Shs400b to boost Kilembe Mines growth

Chinese investors with Kizza & Kiwanuka Advocates and Legal Consultants partner Herbert Wakaabu after announcing their partnership to invest in Kilembe Mines in Kampala yesterday. Photo by Stephen Wandera.

What you need to know:

More Chinese investors join deal that will create more than 3,500 jobs.

After lying dormant for about three decades, Kilembe Mines Ltd, a once vibrant manufacturer and smelter of copper in western Uganda, is out of the woods, owing to growing Chinese investment in Africa.

Tibet Hima Co. Limited, a Chinese consortium that won Kilembe Mines deal, yesterday announced a $175 million (more than Shs400 billion) investment in the mines and unveiled two more Chinese partners: Shanghai Baosteel Group and Chinalco Luoyang Copper.

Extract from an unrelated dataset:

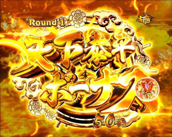 初回大当りの1%がこの天下泰平ボーナスとなる。10Rの確変大当りで、終了後はSTに直行する。

Chinalco Luoyang has an asset base of Chinese Yuan 3.4 billion (about $554 million) with a complete production system of copper smelting, copper and copper ally processing, aluminum and magnesium materials processing and nonferrous equipment manufacture among others.

Under the deal, Baosteel shall be involved in the feasibility studies for the downstream beneficiation process that shall involve smelting, refining and product factory development.

The investors pledged to ensure environmental protection and invest in corporate social responsibility ventures like schools and hospitals.

At a press conference in Kampala, the deputy chief executive of Tibet Hima Mining Co. Ltd, Mr Lu Guo, undertook to revive Kilembe Mines Ltd. He said currently, the investor is carrying out feasibility studies and fixing infrastructure ahead of the exploration phase.

“We want to assure Ugandans that we are committed to the project and we are going to revive Kilembe Mines,” Mr Guo said.

“It’s going to be step by step. We need to improve infrastructure and increase capacity of the hydropower needed to run the Mines,” he added.

Mr Guo said the company paid the government a signature fee of more than $4 million (about Shs10 billion) and going forward shall pay an annual concession fee of $1.5 million (about Shs3.7 billion) for the 25 years — the duration of the concession.

The government shall also benefit from statutory payments and taxes.

The Daily Monitor understands that the project has been designed to cover four components; the Hard Rock Mine Project, the Tailing Ponds Project, the Mubuku 1 Hydropower Project and the Beneficiation Project which shall involve the value addition aspect where copper and cobalt shall be refined and processed into various products.

“The project is a phased project and its success is dependent on extensive exploration programme and reconnaissance activities for the different components which are already underway,” Mr Guo said.

He said the initial phase will take two years and that more than 3,500 direct jobs will be created adding that to boost local content selected Ugandans will be trained in Geology.

Expected local content targets are between 15-20 per cent as the minimum expenditure on Ugandan service providers at the various stages.

The investors said the number shall progress as capacity of Uganda enterprises is built to be able to handle supplies in the mining sector.